"Washing the feet of the refugees, Pope Francis is asking for respect for each one of them," wrote Archbishop Rino Fisichella, the main organizer of the Vatican's Year of Mercy initiatives.
Announcing the location for the Pope's celebration March 24, Fisichella noted that many of the young people at the Center for Asylum Seekers are not Catholic, which makes Pope Francis' decision to wash their feet "even more eloquent."
"It indicates respect as the main path to peace," he said March 22. Respect means recognizing the other as a person, one who "walks with me, suffers with me, rejoices with me."

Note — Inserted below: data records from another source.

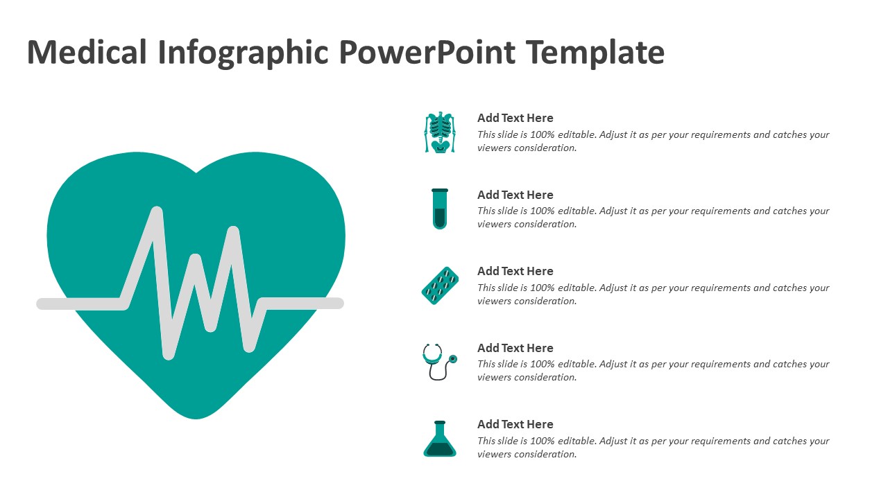 The Medical Infographic PowerPoint Template is a clean, professional PPT design created for healthcare presentations, medical education, and clinical reporting. It helps present complex medical data, patient statistics, research insights, and healthcare workflows in a clear, visually engaging format. The slide is fully customizable, allowing easy edits to colors, icons, text, and layouts to match hospital branding, academic needs, or corporate healthcare standards.
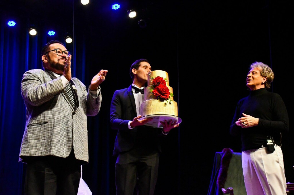 Ao final do espetáculo, um bolo red vibrante no centro do palco fez a plateia aplaudir e cantar parabéns pelos 7.5 do nosso fofo.
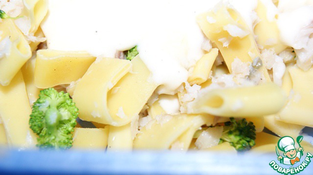 Смешать оставшуюся пасту (нарезать по 1 см), рыбу и бешамель, если останется, то и брокколи.
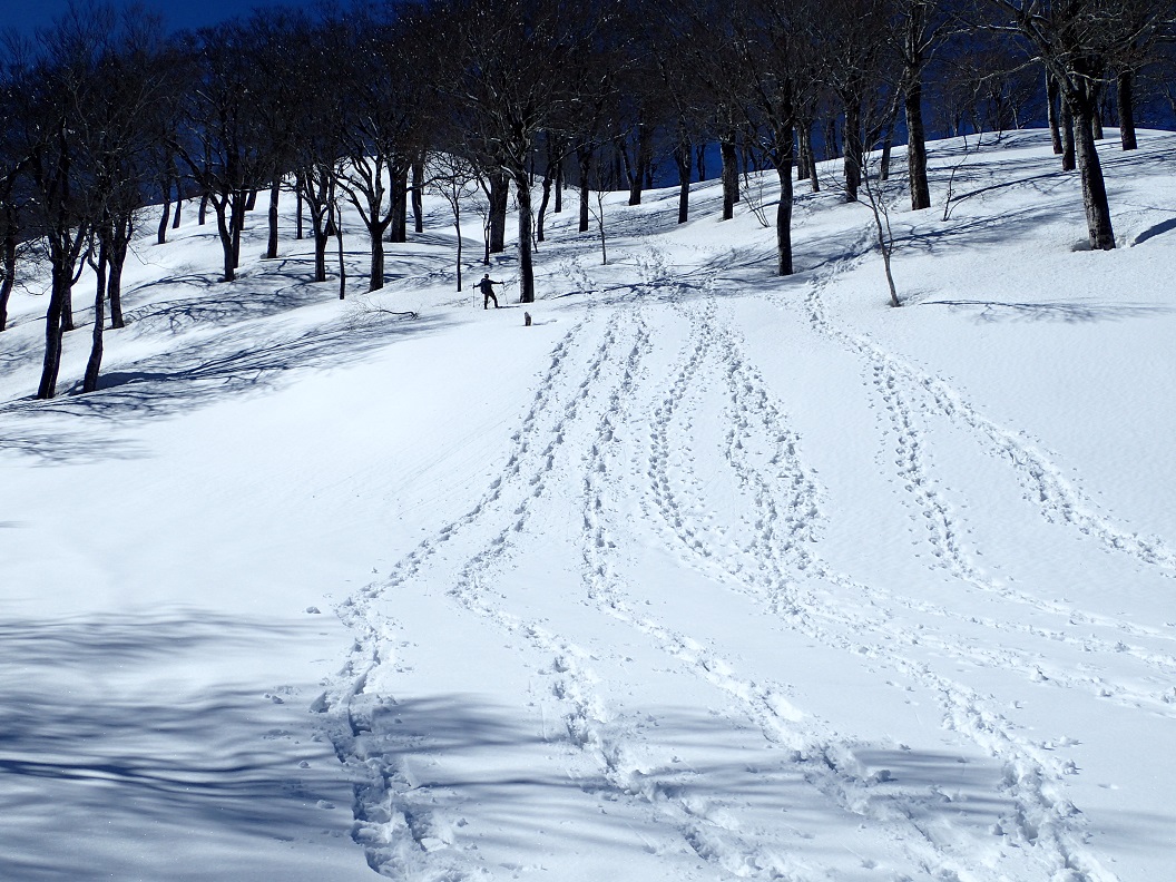 下山は往路を引き返す。しかし、最後の林道はほぼショートカットせず、素直に歩いた。雪山の下山はあっけない。下の方の急な斜面はシリセードを活用した。
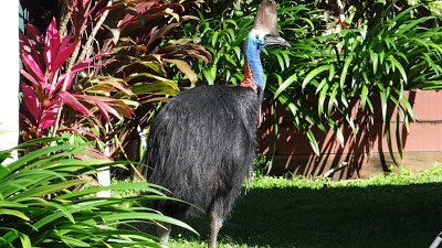 Le CASOAR est un oiseau coureur, incapable de voler. Il fait la taille d'un homme adulte, ses pattes sont grosses et puissantes, terminées par trois doigts ; le doigt intérieur porte une griffe aussi dangereuse qu'un poignard, une tête bleu et violet, des caroncules (excroissances charnues pendant a son cou) rouges, une corne semblable à un casque et un surprenant plumage noir qui s'apparente davantage à une tignasse.
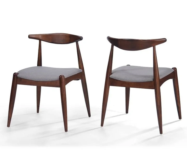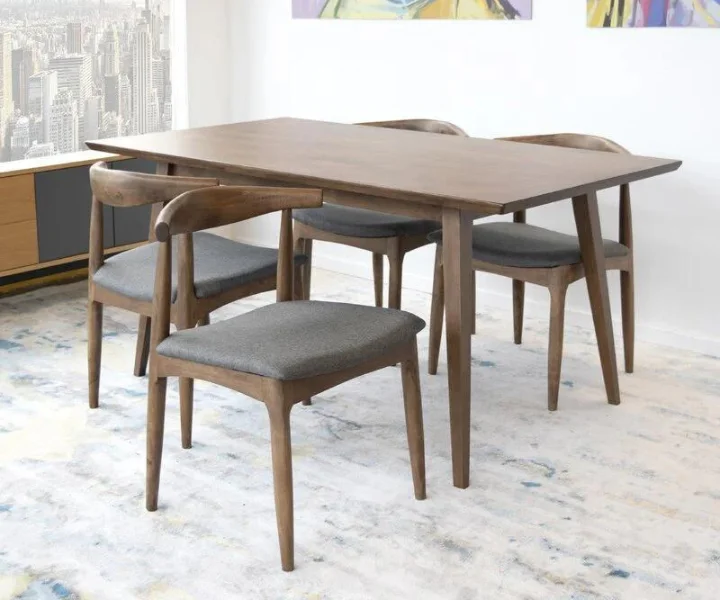 The image shows a four-seater rectangular dining set made of teak wood. The set features a minimalist, mid-century modern design. The table has a clean, smooth surface with tapered legs that give it an elegant and sturdy look. The chairs have a curved backrest with a solid wood frame and cushioned seats upholstered in a dark gray fabric, providing comfort while complementing the wooden texture. The overall design is simple yet stylish, fitting well in a contemporary or modern dining room setting.
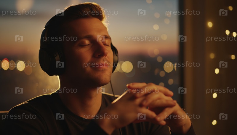 Расслабленный человек, слушающий музыку на закате солнца, представляет собой осознание цифрового благополучия личного бегства и современного образа жизни в вечерней обстановке
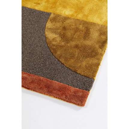 This rug plunges you into a colorful retro universe with its warm hues combined with an atypical silhouette. The patchwork of textures, colors and shapes makes it an artistic and designer rug. It can be placed under a dining table, in the living room as a visual link, or in the bedroom as a textile accent. It goes particularly well with elements in wood, linen or woven fibers. An elegant base for modern furnishings with personality.
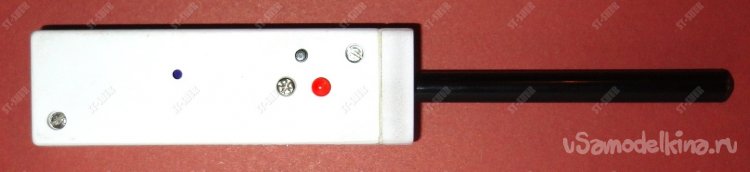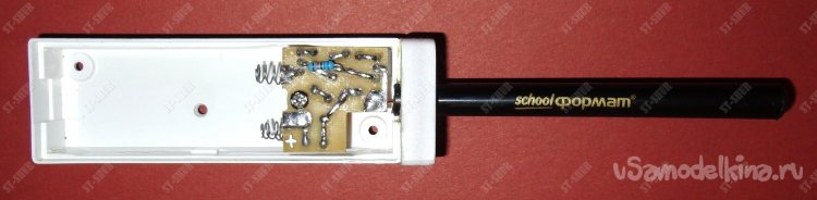 В качестве защитной гильзы для антенны использован обрезок корпуса фломастера длинной 93мм внешним диаметром 8,5мм, который достаточно плотно вставляется в наклеенный на корпус кусочек пластика.

"Pope Francis will bow down and wash the feet of 12 refugees as a sign of service and attention to their condition," the archbishop said.
The Auxilium Social Co-operative, which runs the centre, told reporters that the 12 chosen for the foot-washing ritual include four women and eight men. An Italian Catholic woman who works at the centre and three women who belong to the Eritrean Orthodox Tewahedo Church were chosen, as were four Nigerian Catholic men, a Hindu man, and Muslim men from Syria, Pakistan and Mali.
The centre in Castelnuovo di Porto has 892 guests and 114 staff members.
With tens of thousands of people fleeing persecution and violence in many parts of the world, too many countries seem to think the best solution "is to close their borders to feel safer or to build new walls," the archbishop said.
But one of the traditional "corporal works of mercy" is to welcome the stranger, Fisichella wrote in an article for the Vatican newspaper. "Welcoming refugees then becomes for Christians a tangible expression of living the Jubilee of Mercy."